From the Machine’s Perspective

  • A complex system of symbols created by less capable creatures in an attempt to somehow increase their abilities.
  • Do we need to understand and do this…(do we need natural language processing?)
  • Why don’t you just concentrate on what you do best, create value, and communicate it to them in your own words?
  • If the value is clear, they will be invested in understanding your language

Apply to groupware domains

  • The original research was on robots

  • What is “corporeality” as applied to groupware?

  • Not necessarily manipulate and influence the outside world.

    • In this experiment, they’re just moving the camera.
  • I am affecting my sensor inputs by my outputs.
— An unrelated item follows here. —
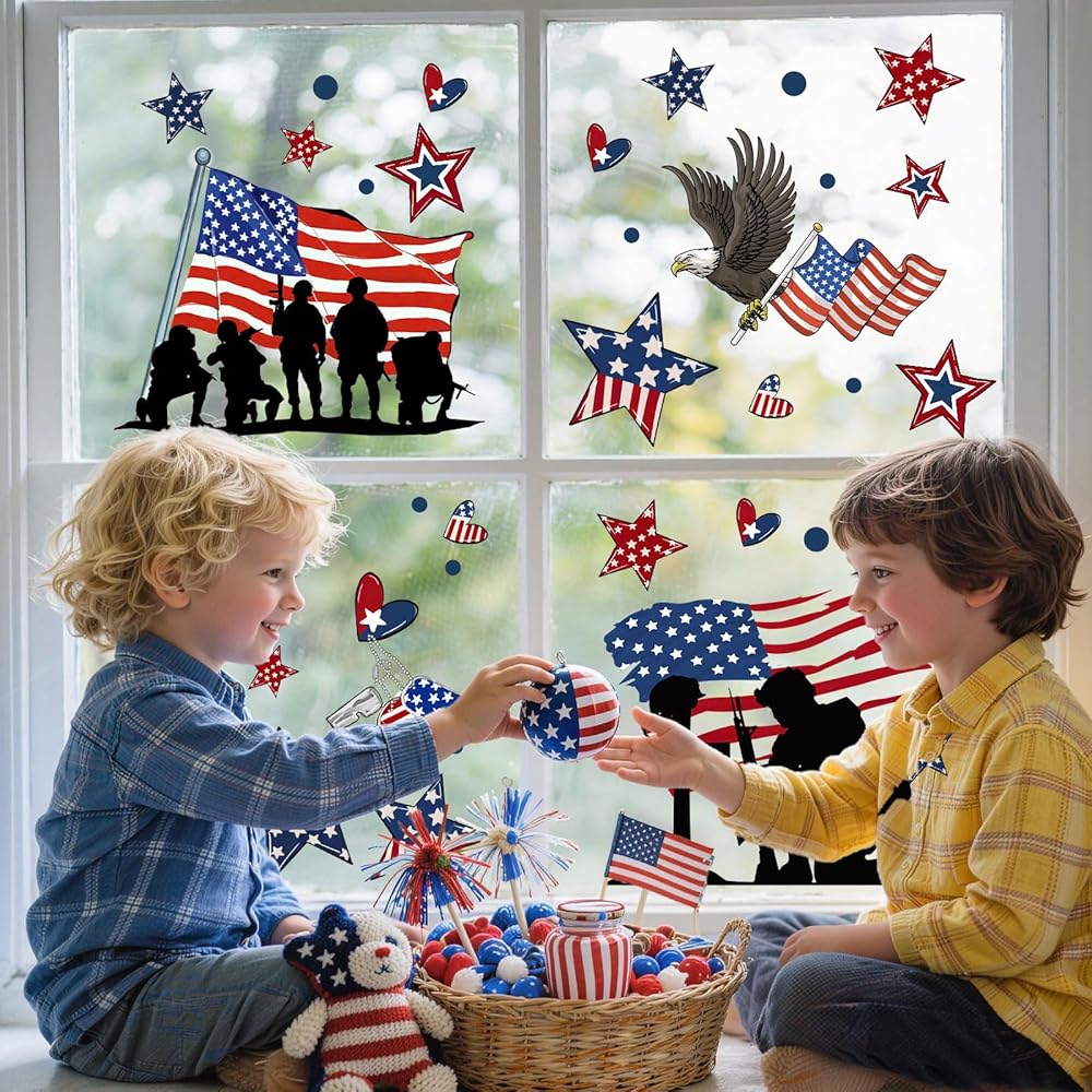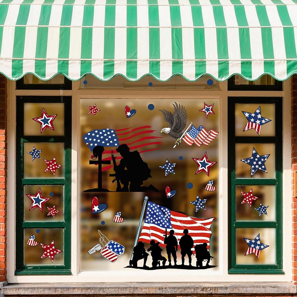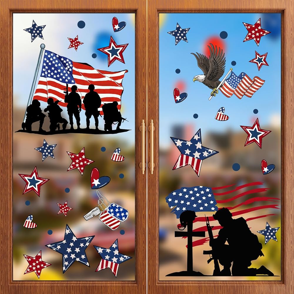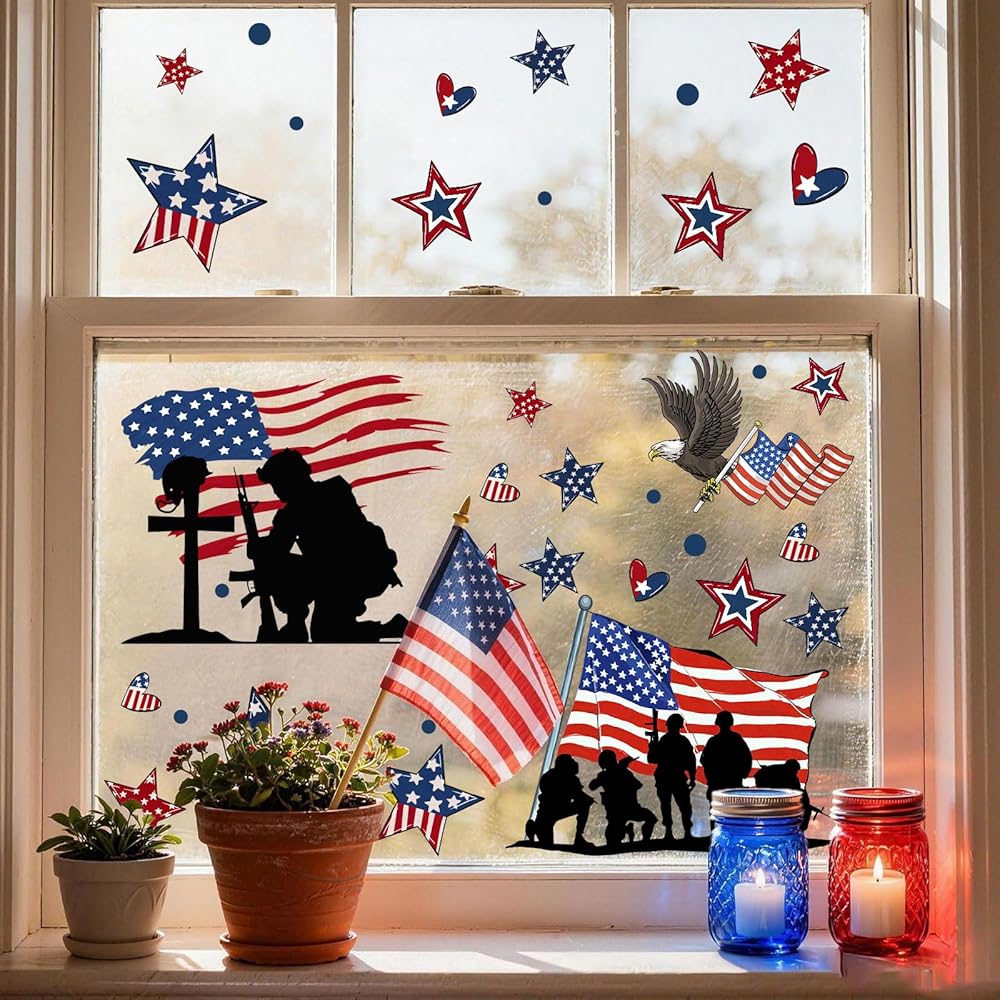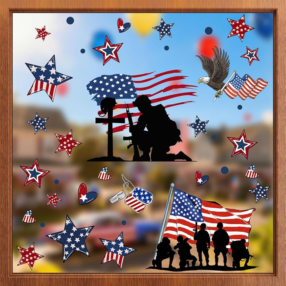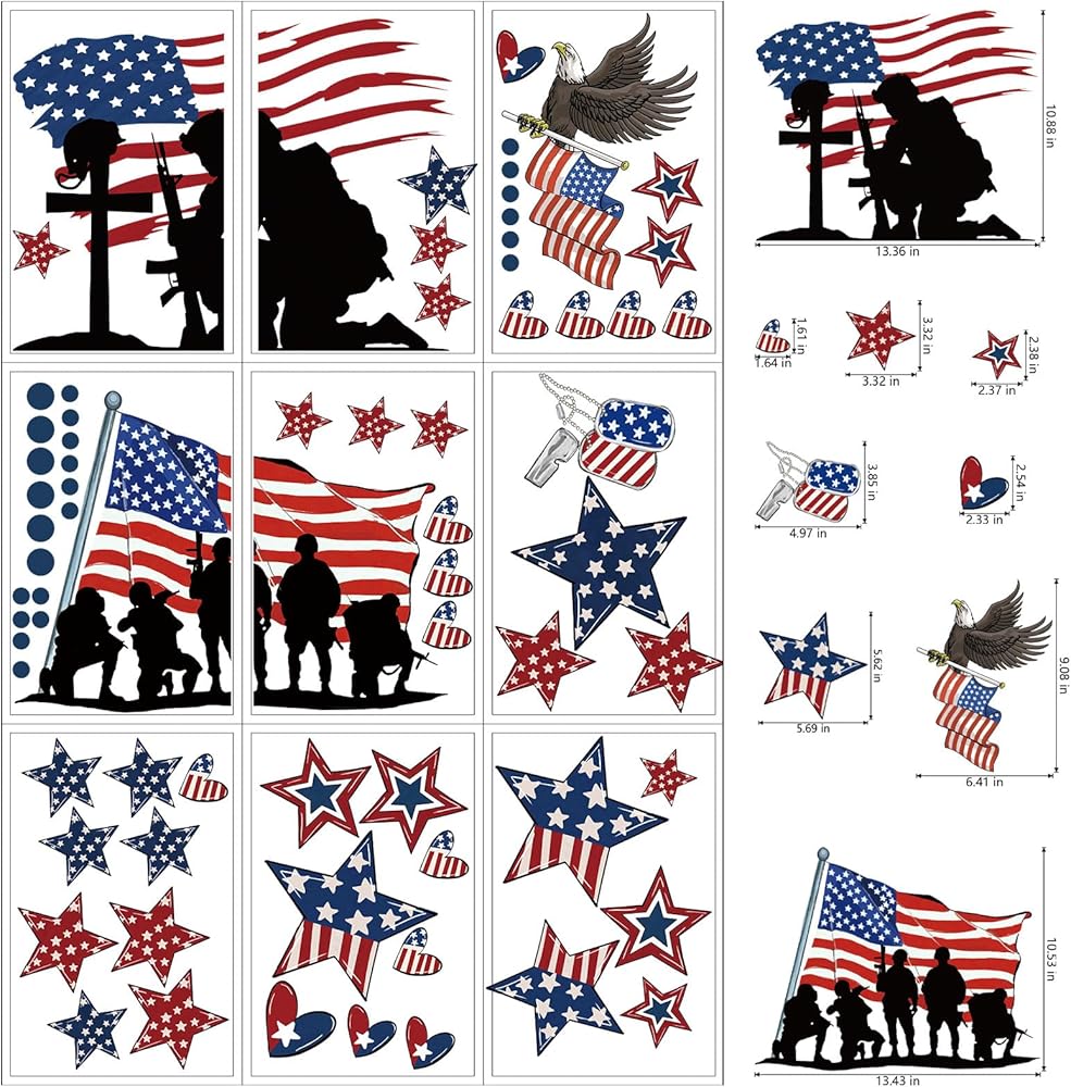ZAWE 9 أوراق جنود نجوم أمريكا الوطنية التذكارية اليوم التذكاري نافذة تلتصق على الوجهين قابلة لإعادة الاستخدام ملصقات نافذة ثابتة لتزيين الحفلات والفصول الدراسية والمكاتب

  • ability to judge whether a particular action is appropriate or not image

  • Even infants can gaze at either one of several inputs

  • It is believed that we gaze at the more favored

ability to judge whether a particular action is appropriate or not

  • Get less detailed information from multiple sources and choose which information to enter in more detail

    • The usual sense of natural language processing would say, “Why not just put it all in without selection?” but the assumption that it can handle all the data is equivalent to a “robot with very high physical capabilities,” so it would not be able to generate symbols.
  • For example, get the title of the link from the page you are currently eyeing on Wikipedia, and from there choose “which page to look at next”.

    • Does “Français” make you avoid links?
  • For example, choose which of the groupware postings to look at in detail based on the number of characters or the frequency of occurrence of each type of character.

    • Avoid things like pasted log output?
  • act of shema

  • It is up to the act shema to avoid or prefer.

  • (2004) gives the action shema of “catching the ball in the center of the field of view”

  • (2006) also defined reward and gave it to a human in order to acquire the action shema in reinforcement learning.

  • Or, instead of being predefined by a human, we can use a neural net with random connections to produce a 1D real value and call it a reward.

  • Raise 100 or so random types, kill the ones that behave badly for humans, and breed the remaining ones.

summary

  • Learned about the “bishema model” in which robots acquire concepts through interaction with their environment.
  • It seems possible to give physicality to software that does not have a physical body
  • It would be interesting to observe the emergence of language
    • There is still a gap between what is practical for humans
  • Physical ability does not create language.
    • Even if a machine, whose physical capabilities differ greatly from humans, were to produce a language system, it would probably be very different from the human language system (so much so that the difference between Japanese and English would seem small).
    • Human understanding of that language would be even more difficult than translating between Japanese and English!

References

  • (2004) Twin-shema model
    • Tadahiro Taniguchi, and Tetsuo Sawaragi. “The Bishema Model.” Transactions of the Japanese Society for Artificial Intelligence 19.6 (2004): 493-501.
    • Subtitle Proposal of a Self-Organizing Machine Learning Method for Autonomous Agents
  • (2005) Symbol Emergence through the Interaction of Body and Environment
    • Tadahiro Taniguchi, and Tetsuo Sawaragi. “Symbol Emergence through Interaction between Body and Environment.” Transactions of the Institute of Systems, Control and Information Engineers 18.12 (2005): 440-449.
  • (2006) Adaptive acquisition of the generalized action concept.
    • Tadahiro Taniguchi, and Tetsuo Sawaragi. “Adaptive Acquisition of Generalized Action Concepts.” Transactions of the Society of Instrument and Control Engineers 42.3 (2006): 255-264.

This page is auto-translated from [/nishio/双シェマモデル プレゼン](https://scrapbox.io/nishio/双シェマモデル プレゼン) using DeepL. If you looks something interesting but the auto-translated English is not good enough to understand it, feel free to let me know at @nishio_en. I’m very happy to spread my thought to non-Japanese readers.